An Easy to Understand Guide to ERP Implementation
Considering an ERP implementation? Enterprise resource planning software touches every aspect of an organization, integrating internal and external management information. Choosing cloud computing enterprise resource management software might be the best solution. What do you need to know for a smooth implementation?
Reasons for choosing the cloud
ERP implementations can take three forms: in-house, on-site vendor, or cloud vendor. The in-house solution requires the resources to develop your own custom ERP solution. Very few enterprises have the expertise to even attempt such an effort, even if it best fits your business practices.
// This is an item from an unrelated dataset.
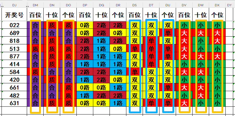 1,目前开奖号百位号码球11天当中,质数(12357)开出了2次,合数(04689)开出了9次,本期重点关注开奖号百位号码球质数的回补!
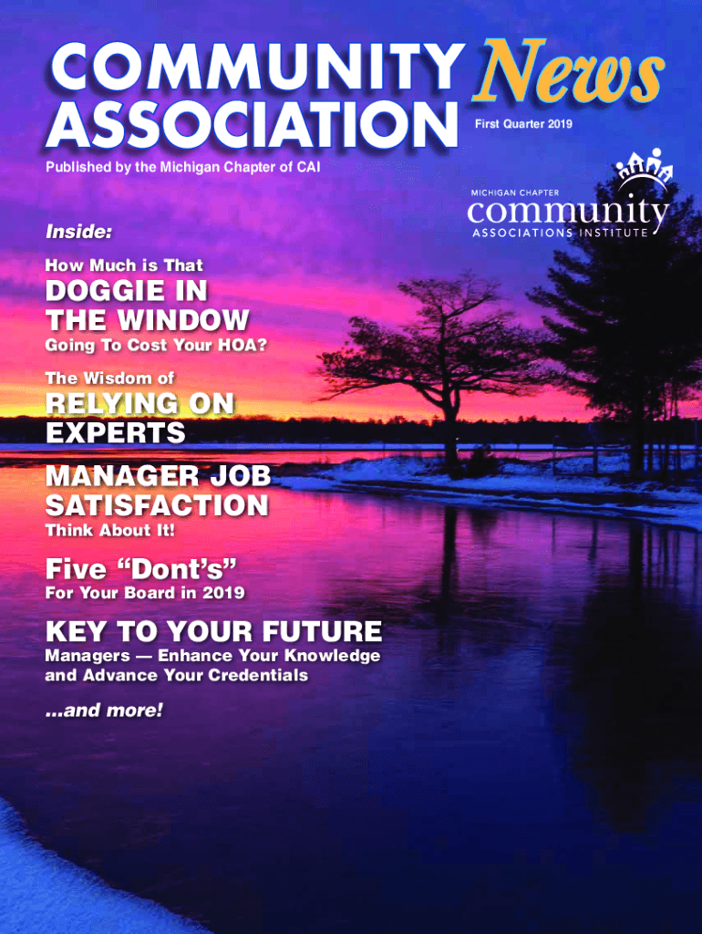 COMMUNITY News ASSOCIATION First Quarter 2019Published by the Michigan Chapter of Inside: How Much is ThatDOGGIE IN THE Windowing To Cost Your HOA? The Wisdom relying ON EXPERTS MANAGER JOB SATISFACTION

Traditionally, enterprise resource management software obtained from a vendor has been installed in-house. However, keeping up with the latest updates and providing hardware to maintain the system are ongoing concerns. Your staff generally has the responsibility for installing and customizing new versions, as well as purchasing and maintaining the necessary hardware.
Outsourcing ERP to the cloud allows easy access the latest version without the capital outlay for equipment or inundating IT staff with upgrades. A cloud ERP implementation frees resources that can be redirected to the core business.
An ERP implementation can be accomplished through one of three strategies, or a combination of two or the three. These strategies are:
- Big bang – The implementation happens in a single instance when all users move to the new system on a predetermined date.
- Phased rollout – The implementation occurs over an extended period of time with users moving onto the new system in a series of steps. This is often accomplished by module, by department, or by geography (different branch offices).
- Parallel Adoption – The implementation runs side-by-side with the existing system while users learn the new system.
Each strategy has advantages and disadvantages. Big bang is quicker but lacks an obvious fail-safe if problems are encountered after the implementation. An initial dip in organizational productivity often accompanies a big bang implementation as users learn the new system. Phased rollout offers more security when difficulties are encountered, but requires more time and resources. Parallel adoption takes the greatest amount of resources. Choosing the right strategy depends on the needs and resources of your organization.
Implementation best practices
Two key ingredients will enable a smooth ERP implementation. First, you need an implementation team consisting of end users, vendor representatives, and IT staff. Involving all stakeholders early in the process will reduce the number of unforeseen complications during and after implementation.
Second, communicate throughout your organization. Getting buy-in from the executive level on down is vital for success. Executives must understand how enterprise resource management software will transform the business, while others in the organization must understand how the ERP implementation will improve their workflow capabilities.